Smooth, Silky, Sleek, Sweet? Meet DXGrid for WPF.

ctodx
22 May 2008

You may think that being a CTO of a successful UI controls vendor like Developer Express means that you run the risk of becoming jaded with the new controls, products, and functionality that R&D produce. Does it have that Wow factor? Can they surpass themselves this time? Is it a leap ahead? Heigh ho, let me watch the paint dry.

Well, let me tell you: absolutely not. I consider myself to be extremely lucky to be in this position at such a time in DevExpress' history. Some of the things we're producing right now has me completely jazzed and amazed. Our developers are simply at the top of their form. I've run out of forehead for my eyebrows to rise any higher. My lower jaw has dented the desk.

You may now be asking what I've just seen to make me feel this way. Well, lots, but this post is specifically about DXGrid for WPF. I finally had to wrestle the CD out of Ray's hands and dash down the hallway to install it so I could run the demo. (He wrote Go Lakers! with a permanent marker on it. Sheesh.)

You know, I love our grids' look and feel in WinForms and ASP.NET but this DXGrid for WPF just feels so ultra smooth and silky, it almost purrs. It feels like the clunk of a Mercedes car door versus that of an Ford. It's the quality and heft of an Apple iPod versus a no-name MP3 player. You just want to touch it and experience it. The subtle animations we've added just add to the overall quality feel; they're not jarring or out of place.

Mere static images cannot do it justice, but, hey, OK, I'll give it a try.

First off, some bald facts. Tabular list of records, check. Sorting by clicking on a column, check. Grouping by one of more columns by drag and drop, check. Card view, check (with data on both sides, sweet!). Resizing, moving columns by use of the mouse, check. Filtering support, check. Summaries by group or overall, check. Unbound columns, check. Run-time control over column layout, check. Navigate the grid by row or cell, check. Row templates, card templates, check.

Enough of that. Let's see some images. (Note: click on them to see them full-size.)

Here's what you might call a standard view. There's a tabular list of records, sorted in ascending order by Last name. The current data row is shown in more detail in the panel at the bottom.

What the static image cannot show you is the sleek transition of the image and data in the bottom panel as you navigate the rows, or the subtle smooth highlighting as you move the mouse cursor over the column headings.

Let's go one step further: grouping. For a change, I'll display the grid with the Green theme. Here we're showing the data grouped by Country and then City. I've expanded Canada and then Montreal.

Here again, the static image doesn't do it justice. Expanding a group slides the rows underneath down and collapsing it again slides the rows up. It's a smooth animation, one that is best experienced as you navigate the focused row up and down using the arrow keys (right and left expand and collapse respectively).

You can switch into card view easily.

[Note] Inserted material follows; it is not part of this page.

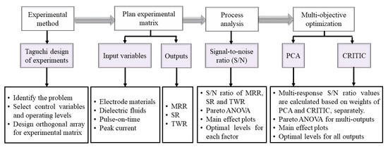 The present work aims to evaluate the EDM machining of HcHcr steel by performing analysis of process variables on performance characteristics (MRR, TWR, and SR). The Taguchi method and Pareto ANOVA were employed to determine the optimal levels for each of the studied responses. The practicality significance of peak current, electrode materials (graphite, copper, and brass), dielectric fluids (distilled water and kerosene), and pulse-on-time are tested on the performance characteristics. The utility concept was used to determine optimal levels for all responses. PCA and criteria importance through criteria inter-correlation (CRITIC) methods are utilized to estimate the weight factors necessary for multi-objective optimization. The optimal conditions were further analyzed using optical micrographs to study their surface characteristics. The proposed framework of the current research is shown in Figure 1.

Here's the same data in a card view.

Here's another shot showing the filtering support you can build into the column headers. First a selection of possible values. As you uncheck countries the grid updates underneath automatically.

Then filtering by quantity. This is fun: drag the slider across and the grid filters and refreshes automatically as you go. Love it.

A quick shot showing some group summaries. I've switched to the dark lilac theme.

Notice how this theme styles the groups and the list of records in each group with rounded corners on the top row (and the bottom row, which isn't shown) and on the cell.

Here's an image showing the cards layout again. I've collapsed some of the cards and I've dropped down the column chooser so show it off: you can drag a column to the group panel to group by that column, or just click on the column to sort.

Again, it's difficult to appreciate without the animation, but the column chooser in this theme slips down and then slides open when you click on the button. Neat and effective.

Finally, let's look at the row templates. Here's an image showing the current row expanded into a panel within the grid.

The animation here is smooth too: as you navigate up and down you get the feeling of using a sophisticated rolodex with the current record seemingly lifting out of the other records.

Enough's enough. I do hope I've whetted your appetite for our new grid control for WPF. As you may have gathered, I'm delighted with it, gobsmacked as they say in England. The team that produced this are astonishing. But, don't take my word for it, come up to me in the booth at TechEd and I will show it off in its full glory.

Editing, I hear you ask? Later on, this post is way long enough aready.

And the beta? A couple of weeks after TechEd is what I'm told. Be patient, now!